─── Dataset extract ───

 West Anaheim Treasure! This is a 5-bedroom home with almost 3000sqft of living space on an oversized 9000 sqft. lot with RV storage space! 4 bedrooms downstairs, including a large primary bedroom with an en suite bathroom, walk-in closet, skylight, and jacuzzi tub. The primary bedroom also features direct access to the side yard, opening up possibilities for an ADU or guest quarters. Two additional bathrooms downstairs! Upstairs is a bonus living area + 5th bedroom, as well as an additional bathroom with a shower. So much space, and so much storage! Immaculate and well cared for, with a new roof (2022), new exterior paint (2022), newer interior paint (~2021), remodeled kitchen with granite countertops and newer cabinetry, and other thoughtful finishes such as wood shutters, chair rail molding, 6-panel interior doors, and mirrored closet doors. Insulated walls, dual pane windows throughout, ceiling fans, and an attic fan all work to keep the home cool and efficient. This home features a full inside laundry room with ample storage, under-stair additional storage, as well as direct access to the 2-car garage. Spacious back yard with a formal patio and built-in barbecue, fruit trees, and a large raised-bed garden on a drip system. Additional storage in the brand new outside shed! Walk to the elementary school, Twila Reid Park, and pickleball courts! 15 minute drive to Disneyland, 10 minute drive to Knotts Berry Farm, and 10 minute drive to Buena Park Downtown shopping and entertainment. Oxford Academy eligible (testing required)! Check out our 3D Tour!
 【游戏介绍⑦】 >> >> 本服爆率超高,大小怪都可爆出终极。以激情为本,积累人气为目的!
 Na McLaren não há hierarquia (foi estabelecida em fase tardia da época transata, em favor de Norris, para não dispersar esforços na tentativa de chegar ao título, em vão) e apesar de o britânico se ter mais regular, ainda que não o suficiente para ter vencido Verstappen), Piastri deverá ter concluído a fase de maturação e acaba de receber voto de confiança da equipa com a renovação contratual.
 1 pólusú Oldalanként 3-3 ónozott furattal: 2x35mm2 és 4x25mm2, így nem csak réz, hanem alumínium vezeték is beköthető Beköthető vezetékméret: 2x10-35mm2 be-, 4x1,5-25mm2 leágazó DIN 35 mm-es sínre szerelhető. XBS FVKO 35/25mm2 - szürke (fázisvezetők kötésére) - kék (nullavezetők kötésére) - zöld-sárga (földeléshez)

───

● Directions for this task:
Only one stretch is wanted, so please give again exactly the lines from the start of the data through the line containing "Na McLaren não", both ends included.

● Answer for this exercise:
 West Anaheim Treasure! This is a 5-bedroom home with almost 3000sqft of living space on an oversized 9000 sqft. lot with RV storage space! 4 bedrooms downstairs, including a large primary bedroom with an en suite bathroom, walk-in closet, skylight, and jacuzzi tub. The primary bedroom also features direct access to the side yard, opening up possibilities for an ADU or guest quarters. Two additional bathrooms downstairs! Upstairs is a bonus living area + 5th bedroom, as well as an additional bathroom with a shower. So much space, and so much storage! Immaculate and well cared for, with a new roof (2022), new exterior paint (2022), newer interior paint (~2021), remodeled kitchen with granite countertops and newer cabinetry, and other thoughtful finishes such as wood shutters, chair rail molding, 6-panel interior doors, and mirrored closet doors. Insulated walls, dual pane windows throughout, ceiling fans, and an attic fan all work to keep the home cool and efficient. This home features a full inside laundry room with ample storage, under-stair additional storage, as well as direct access to the 2-car garage. Spacious back yard with a formal patio and built-in barbecue, fruit trees, and a large raised-bed garden on a drip system. Additional storage in the brand new outside shed! Walk to the elementary school, Twila Reid Park, and pickleball courts! 15 minute drive to Disneyland, 10 minute drive to Knotts Berry Farm, and 10 minute drive to Buena Park Downtown shopping and entertainment. Oxford Academy eligible (testing required)! Check out our 3D Tour!
 【游戏介绍⑦】 >> >> 本服爆率超高,大小怪都可爆出终极。以激情为本,积累人气为目的!
 Na McLaren não há hierarquia (foi estabelecida em fase tardia da época transata, em favor de Norris, para não dispersar esforços na tentativa de chegar ao título, em vão) e apesar de o britânico se ter mais regular, ainda que não o suficiente para ter vencido Verstappen), Piastri deverá ter concluído a fase de maturação e acaba de receber voto de confiança da equipa com a renovação contratual.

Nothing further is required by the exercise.